The tapestry depicts a seated Risen Christ, within an oval mandorla on a green background, surrounded by the four living creatures mentioned in Chapter 4 of the Book of Revelation, which are also symbols of the Four Evangelists. The tetramorph (four shapes) of the title are the lion for St Mark, eagle for St John, calf for St Luke, and angel for St Matthew.

For the four living creatures, Sutherland sketched eagles and lions at Maidstone Zoo. The composition also draws influences from Egyptian sculpture, Italian mosaic, and images of Christ Pantocrator in Greek and Romanesque churches.
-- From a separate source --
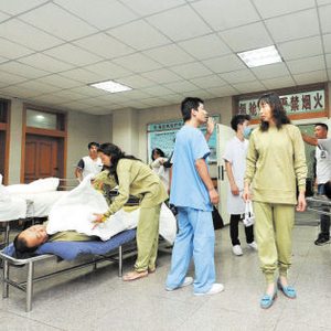 据介绍,7日18时至22时,宁东环保局连续对厂区周围空气中的氨及硫化氢等气体情况开展了3次环境应急监测,最后一次监测未检出氨气和硫化氢,周边环境空气质量恢复正常。图为中毒人员在医院接受治疗。新华社发

The face of Christ is bearded, and is deliberately made more human than divine: it is based on several sources, including photographs of cyclists in Paris Match magazine. The Christ figure wears a white robe, and is sitting on a throne, face on, with both hands raised towards his face. Loops around the head suggest a halo.

Between his feet is a life sized figure of a man, made diminutive by the colossal scale of the Christ-figure. At the base of the tapestry is a small Crucifixion scene.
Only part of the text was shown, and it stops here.